2) The angst is almost tit-for-tat. Both characters clearly have major secrets and they are the direct cause for all the angst in the book. While that’s neither here nor there, I disliked the unimaginative parceling out of said secrets. It feels as though they take turns putting each other through the emotional wringer when these secrets are revealed. Most bothersome is that the two doozies (for Tyler, it’s being a werewolf; for John, it’s being transgender) play out exactly the same, except that the “wronged party” is flip-flopped. Meaning that the set-up and reaction to the revelation of the second secret is exactly the same as the set-up and reaction to the first. To me, this shows a worrisome lack of emotional maturity on both characters’ parts.

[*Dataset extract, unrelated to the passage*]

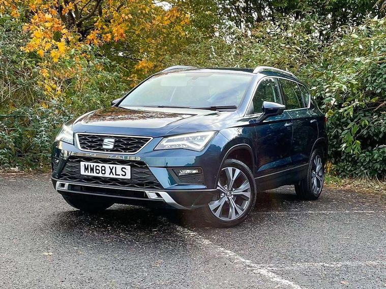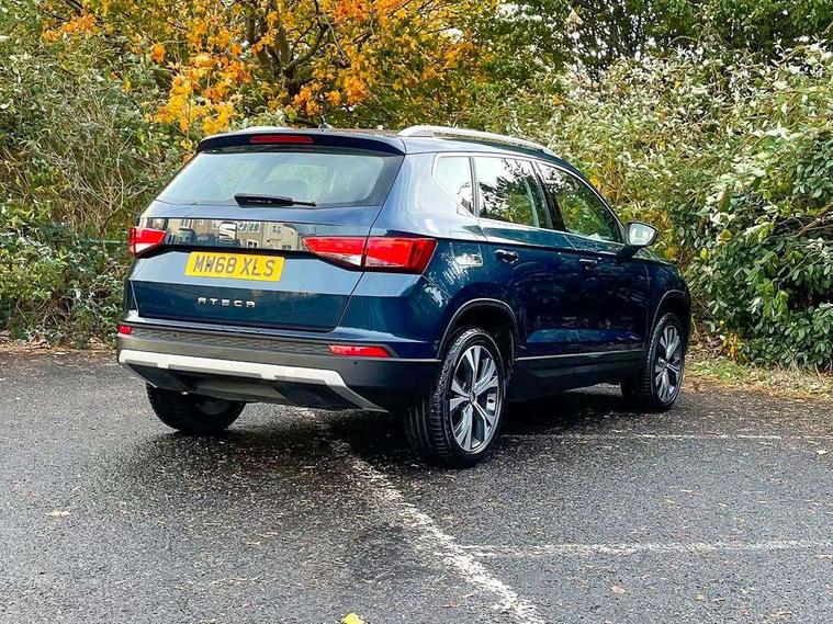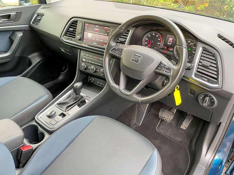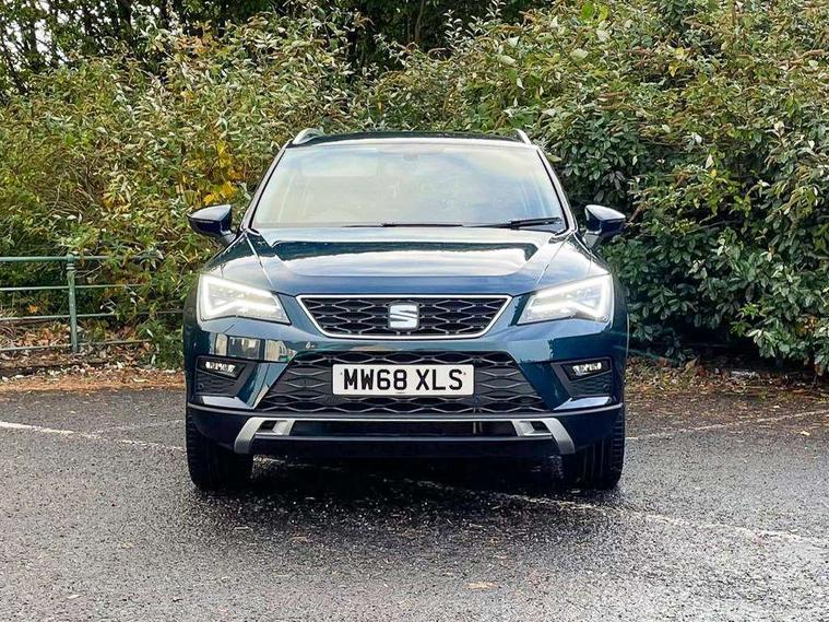 Chrome effect dashboard facia, Navigation system pack - Ateca, 18" Performance machined alloy wheels 36/2, 2 folding remote keys with window open/close function, Immobiliser, Locking wheel bolts, Remote central locking, Volumetric alarm with back up horn, SEAT USB media cable, Steering wheel mounted audio/phone controls, 3x3 point rear seatbelts, ABS, Auto hold function, Automatic post collision braking, Driver/Front Passenger airbags, Drivers knee airbag, Electronic parking brake, Electronic stability control, ESP+EBA, Front and rear seatbelt reminder, Front assist including city emergency braking, Front passenger airbag deactivation, Front side airbags, Hill hold control, Predictive pedestrian protection, Tiredness recognition system, Traction control, Twin Curtain Airbags, Tyre pressure monitoring system, Automatic headlights, Black wheel arch extensions, Body colour bumpers, Body colour door handles, Body colour door mirrors, Chrome headlight surround, Chrome roof rails, Chrome side window trim, Chromed centre radiator grille surround, Electric folding door mirrors, Electrically adjustable and heated door mirrors, Front and rear electric windows, Full LED headlights, Hidden exhaust pipe, LED daytime running lights, LED front fog lights with static cornering light function, LED Headlights, LED tail lights, Matt black radiator grille, Rear fog lights, Rear wash/wipe, Tinted windows, Welcome lighting, 12V power point front, 3 height adjustable rear headrests, 4 Lashing eyes in boot, 60/40 split folding rear seat, Active head restraints, Adjustable front armrest with storage compartment, Ambient lighting, Cloth upholstery, Comfort front seats, Driver sunvisor with covered mirror + card holder, Driver/passenger lumbar adjustment, Driver/passenger sunvisors with illuminated vanity mirrors, Dual zone climate control, Footwell illumination, Front courtesy lights, Front cupholders, Front reading lights, Front seat back storage pockets, Gear shift indicator, Height adjustable driver's seat, Height adjustable front headrests, Height adjustable passenger seat, Illuminated boot, Illuminated glovebox, Instrument lighting with brightness control, Isofix child seat preparation, Leather steering wheel and gear knob, Rear armrest, Rear central air outlet, Rear reading lights, Steering wheel gearshift paddles, Storage box under drivers seat, 'Lights On' Reminder warning buzzer, 3.5" driver's display, 8.0" colour touchscreen with proximity sensor, Cruise control, Digital clock, Driver alert system, Electric speed sensitive power steering, Full Link Smartphone Integration with Mirror Link, Apple Car Play, Google Android Auto, Low fuel warning light, Multi function display, Outside temperature gauge, Park assist system with steering assist, Remote fuel flap release, RPM counter, Satellite navigation system, SEAT Drive profile, SEAT logo boot release, Self parking functionality (includes front and rear parking sensors), Trip computer, Comfort suspension, XDS electronic differential lock,

My biggest disappointment, however, is how the author handled the portrayal of a trans character and a relationship with a trans character. I’m willing to suspend my disbelief that Tyler wouldn’t suspect anything the first time they have a hot kiss in a dance club (that’s despite my years of being conditioned to expect turgid members when the romantic leads finally get together). But as John and Tyler’s relationship continues to progress and progress and progress and winds up with them actually having penetrative sex…well, it tears a big old hole in my lecherous heart that Tyler doesn’t even go for a reach around. John doesn’t come clean when they start to live together, when they admit they love each other. How do you live a life so completely in the presence of someone with whom you share a physical and emotional connection and never find yourself in a situation where they’d see all your bits…be it in the shower, on the toilet, fooling around on the sofa, good-morning-blow-jobs, I-have-a-headache-hand-jobs, whatever. All to pave the way for John being trans to be the supermassive black hole of an antimatter bomb that gets dropped in the last quarter or so of the book.
And in the last couple of chapters, [spoiler] John discovers he’s pregnant. Initially, I was skeptical that could happen given A) Tyler doesn’t even know vaginal penetration is physically possible with his boyfriend B) Tyler’s little swimmers would literally have had to have dripped all the way to John’s ampulla (I had to google where fertilization actually happens). I quizzed my FTM cousin on point B and he said that if John wasn’t on birth control, it’s still biologically possible…still, dripping to the ampulla? [/spoiler]
All the individual elements sound promising. I’m tempted to say this book is “good” in the sense that a soap opera is “good.” Maybe the writing or the characters or the plots are utterly contrived to the point of being ludicrous if not worthy of outright criticism..that said, it’s got that sort of “train wreck” quality where you just can’t help but keep looking (or reading in this case). If you’re a die hard werewolf fan or curious about trans books but not ready for a full on exploration of what it means to be trans, you might enjoy this book.